● **Work to be completed**
Go to the line below that has "Một tay xiếc", print it and each line after it exactly, and stop after the line that has "随后,外语学院张院长与武汉六"; leave out pictures.

[Dataset items]
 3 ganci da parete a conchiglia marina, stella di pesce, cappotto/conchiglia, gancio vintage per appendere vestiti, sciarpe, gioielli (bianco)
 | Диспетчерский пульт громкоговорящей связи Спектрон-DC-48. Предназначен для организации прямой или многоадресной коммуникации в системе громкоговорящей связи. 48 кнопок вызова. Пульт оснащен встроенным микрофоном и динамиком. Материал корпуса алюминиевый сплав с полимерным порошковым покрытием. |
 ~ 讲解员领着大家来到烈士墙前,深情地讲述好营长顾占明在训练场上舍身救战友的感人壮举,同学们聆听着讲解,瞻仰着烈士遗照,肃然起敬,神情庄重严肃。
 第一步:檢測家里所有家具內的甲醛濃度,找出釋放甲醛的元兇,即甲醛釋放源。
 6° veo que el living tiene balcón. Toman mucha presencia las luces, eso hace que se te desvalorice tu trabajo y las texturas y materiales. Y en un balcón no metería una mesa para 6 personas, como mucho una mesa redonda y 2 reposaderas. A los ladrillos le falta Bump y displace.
==
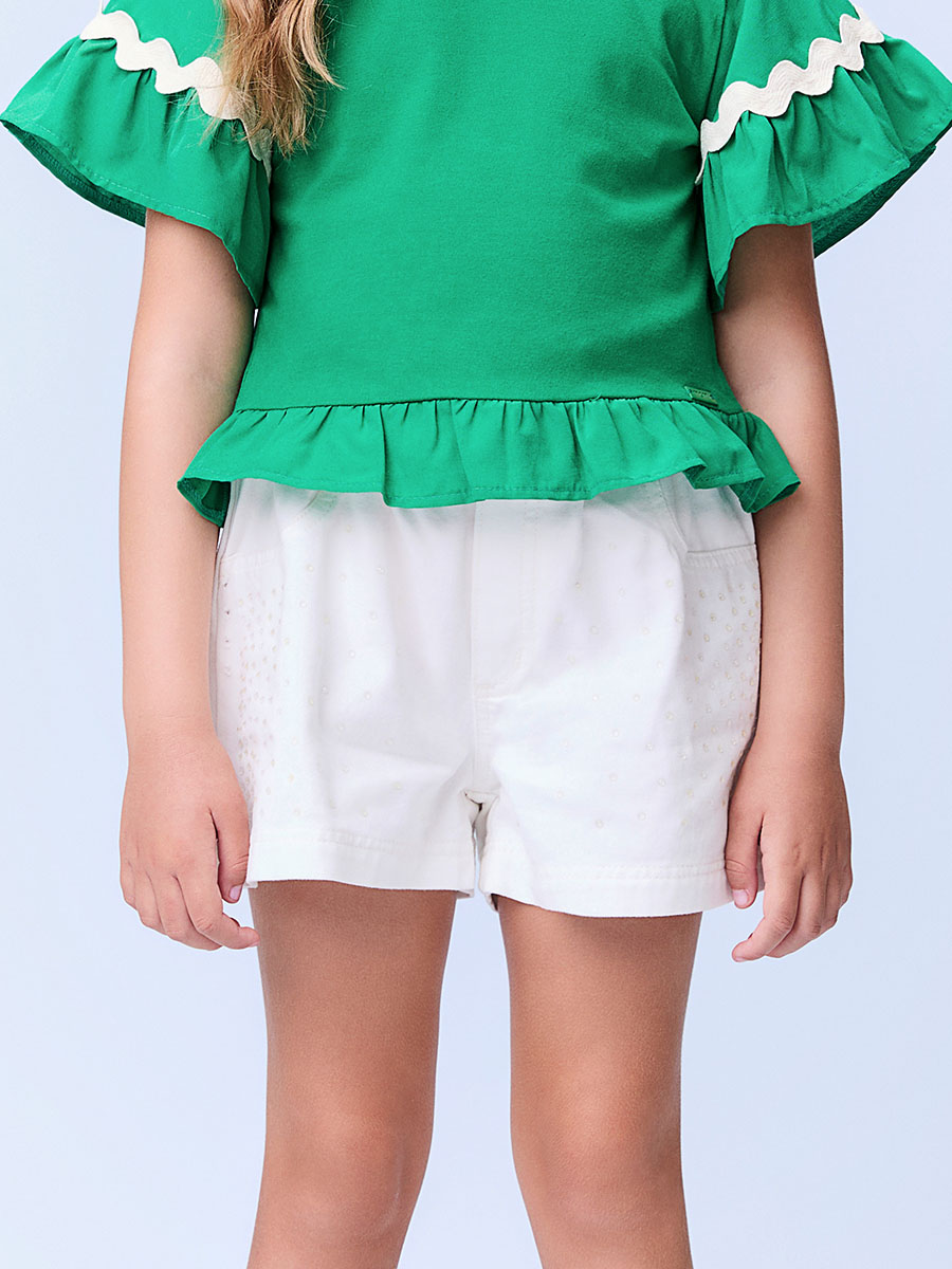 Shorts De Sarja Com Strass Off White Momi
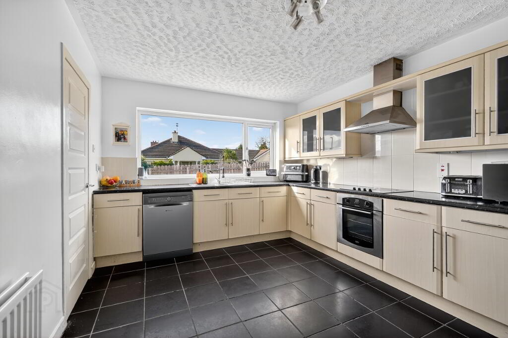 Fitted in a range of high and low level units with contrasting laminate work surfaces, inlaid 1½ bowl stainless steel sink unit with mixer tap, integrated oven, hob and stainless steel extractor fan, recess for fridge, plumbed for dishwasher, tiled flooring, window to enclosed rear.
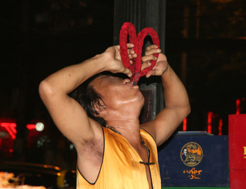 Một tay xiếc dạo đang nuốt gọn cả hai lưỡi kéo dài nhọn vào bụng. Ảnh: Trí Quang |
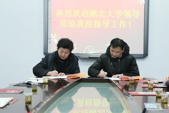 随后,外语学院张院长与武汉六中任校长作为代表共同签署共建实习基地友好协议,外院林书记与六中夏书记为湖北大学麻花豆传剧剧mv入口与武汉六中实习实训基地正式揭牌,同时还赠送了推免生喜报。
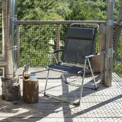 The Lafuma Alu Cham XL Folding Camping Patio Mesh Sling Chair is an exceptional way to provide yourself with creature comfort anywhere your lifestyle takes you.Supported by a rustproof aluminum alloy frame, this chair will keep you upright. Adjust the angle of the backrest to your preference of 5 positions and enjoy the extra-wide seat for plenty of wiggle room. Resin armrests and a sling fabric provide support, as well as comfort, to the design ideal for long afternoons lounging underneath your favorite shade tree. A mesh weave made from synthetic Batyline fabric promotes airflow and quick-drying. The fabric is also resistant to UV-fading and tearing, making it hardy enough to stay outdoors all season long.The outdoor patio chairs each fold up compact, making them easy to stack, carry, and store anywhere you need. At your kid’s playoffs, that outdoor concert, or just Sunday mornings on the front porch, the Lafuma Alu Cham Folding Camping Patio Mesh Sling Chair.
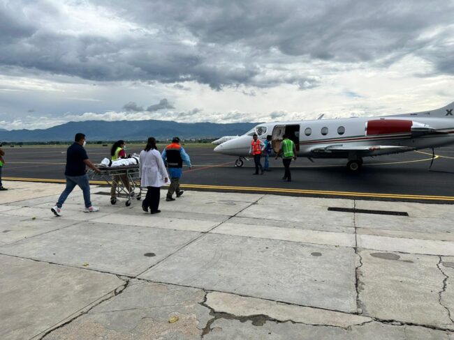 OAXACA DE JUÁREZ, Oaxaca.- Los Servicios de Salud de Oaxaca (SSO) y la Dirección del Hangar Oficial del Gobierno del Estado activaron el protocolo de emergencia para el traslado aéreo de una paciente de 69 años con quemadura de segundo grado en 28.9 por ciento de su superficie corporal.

● **Output of the exercise**
 Một tay xiếc dạo đang nuốt gọn cả hai lưỡi kéo dài nhọn vào bụng. Ảnh: Trí Quang |
 随后,外语学院张院长与武汉六中任校长作为代表共同签署共建实习基地友好协议,外院林书记与六中夏书记为湖北大学麻花豆传剧剧mv入口与武汉六中实习实训基地正式揭牌,同时还赠送了推免生喜报。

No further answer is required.